To our knowledge, currently available imaging software applications do not provide a tool that increases spatial resolution from multiple low-resolution volumes. Many super-resolution techniques have been reported in the medical imaging literature, often with the goal of exceeding hardware resolution and decreasing noise2 However, these algorithms are complex and challenging to implement for a typical researcher or clinician. Machine learning algorithms offer an alternative approach; however, they require sufficiently large datasets to be effectively trained, which are not always feasible to obtain and often involve manual efforts in imaging preparation or segmentation5,14,15. Morphology morphing algorithms in conjunction with biplane slot scanners offer a low-dose approach to generate bone models, but are limited based on target specific geometries and do not yield a volumetric imaging dataset16. OrthoFusion is an easily implemented technique that is generalizable to any CT imaging target and does not require training. Further development of the OrthoFusion algorithm by integrating filtering and iterative algorithms will provide new possibilities for the use of the large dataset of clinical imaging in EMR.

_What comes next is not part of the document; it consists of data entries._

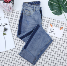 破洞牛仔裤女2017春秋新款韩版bf高腰宽松学生乞丐九分裤哈伦裤子
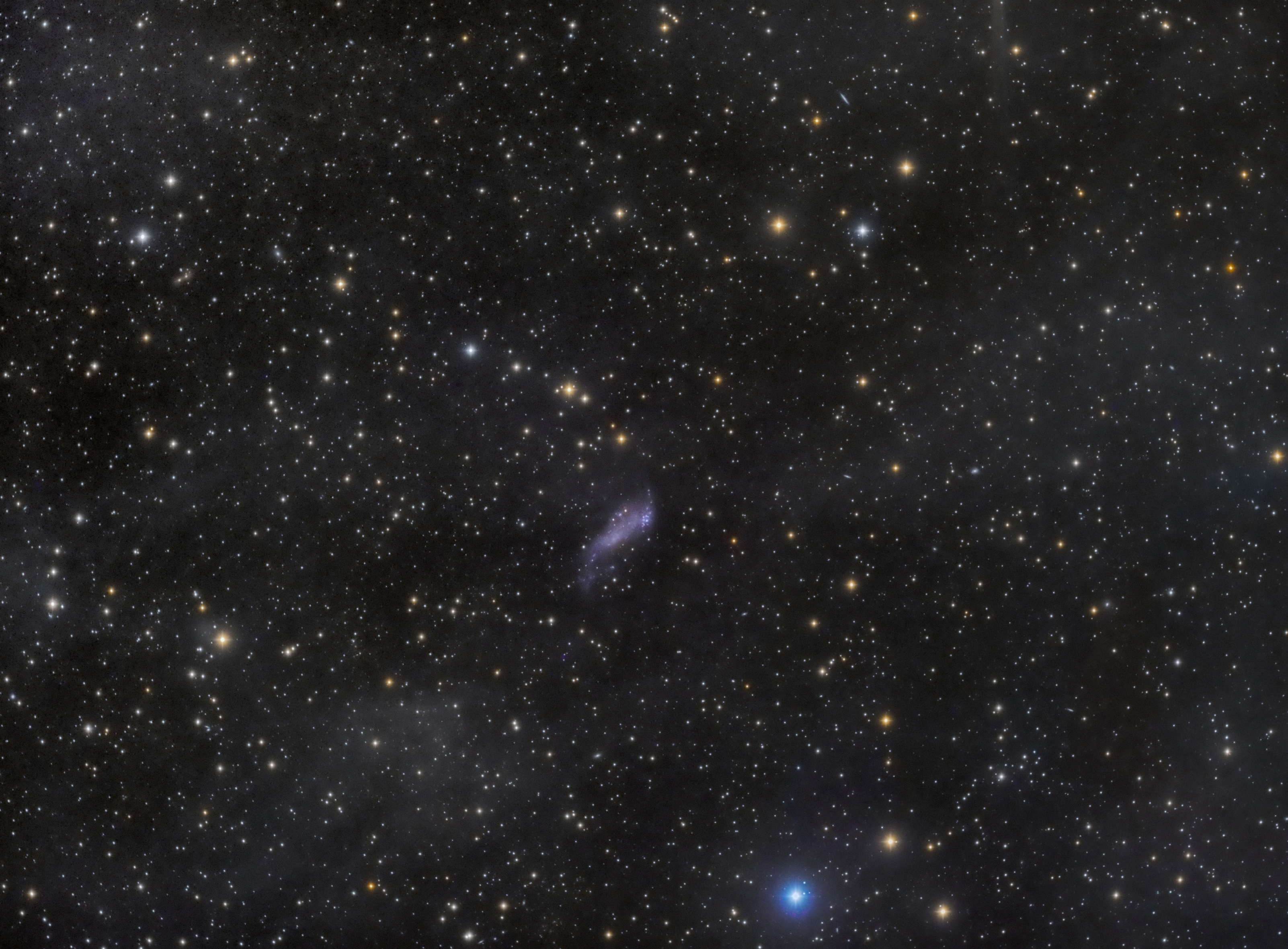 Dieses eher unbekannte Objekt nahe des Sternbilds "Großer Wagen" ist eine irreguläre Galaxie. Mein Ziel war es, unter meinem lichtverschmutzem Vorstadthimmel auch den IFN aus dem Hintergrund hervorzuholen.
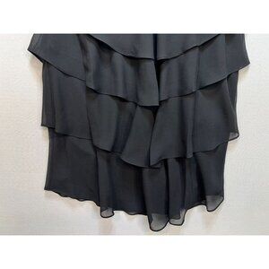 SLNY Womens Tiered Capelet Chiffon Dress Large Black Party Flutter Sleeve Midi
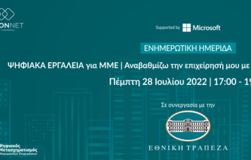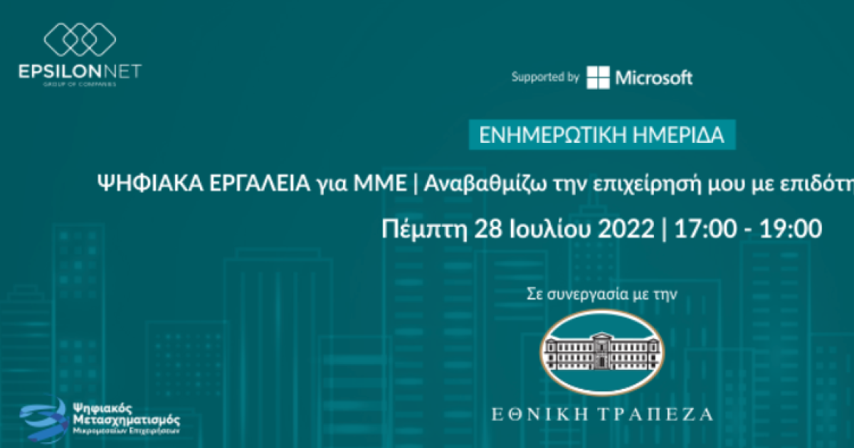 Ο Όμιλος Epsilon Net, «Εγκεκριμένος Προμηθευτής» για τα προγράμματα «Ψηφιακά Εργαλεία MME», με στόχο την ολοκληρωμένη ενημέρωση για τις δυνατότητες ενίσχυσης του ψηφιακού μετασχηματισμού των ελληνικών επιχειρήσεων από το Ταμείο Ανάκαμψης, συνδιοργανώνει αύριο, Πέμπτη 28 Ιουλίου 2022 (17:00 – 19:00), μαζί με την Info Quest Technologies ενημερωτική ημερίδα με τη συνεργασία της Εθνικής Τράπεζας και την υποστήριξη της Microsoft, με τίτλο: « ΨΗΦΙΑΚΑ ΕΡΓΑΛΕΙΑ για ΜΜΕ. Αναβαθμίζω την επιχείρησή μου με επιδότηση 90% με VOUCHER».

There are several limitations that should be considered in the interpretation of this study. First, we applied OrthoFusion super-resolution to our specific application with limited scans - the decision to use 4 high-resolution CT scans was based on the exploratory nature of this study, focusing on the initial validation of the OrthoFusion algorithm within the MeVisLab environment. The benefits of improving spatial resolution for bone segmentation are generalizable and have been tested for feasibility in other joints and with two orthogonal volumes, but performance should always be assessed in the context of each specific application. Conducting thorough internal validation ensures the algorithm meets the unique requirements and constraints of new use cases. Second, the processing and analysis involved in our biplane videoradiography pipeline requires significant user interaction and the cases were visibly identifiable, making blinding impossible. Finally, OrthoFusion uses a simple voxel-by-voxel averaging algorithm that creates a blurring effect. The addition of anisotropic filtering17 or a spatial weighted average approach18 are likely to enhance the image quality. These and numerous other enhancements could be implemented in future work, potentially through integration with platforms like 3D Slicer, which would facilitate broader dissemination and accessibility of the software. By incorporating OrthoFusion into such platforms, it could become more widely adopted by the research and clinical communities, allowing for easier application across various use cases.

This study demonstrates the utility of super-resolution to increase the spatial resolution of previously acquired low-resolution CT volumes. The OrthoFusion technique enabled us to use CT imaging from participant EMR for our biplane videoradiography studies, thus reducing exposure to radiation and costs associated with acquiring imaging. This straight-forward technique is easy to implement, generalizable to other applications, and allows researchers and clinicians that require high spatial resolution CT to utilize the abundance of clinical imaging in EMR.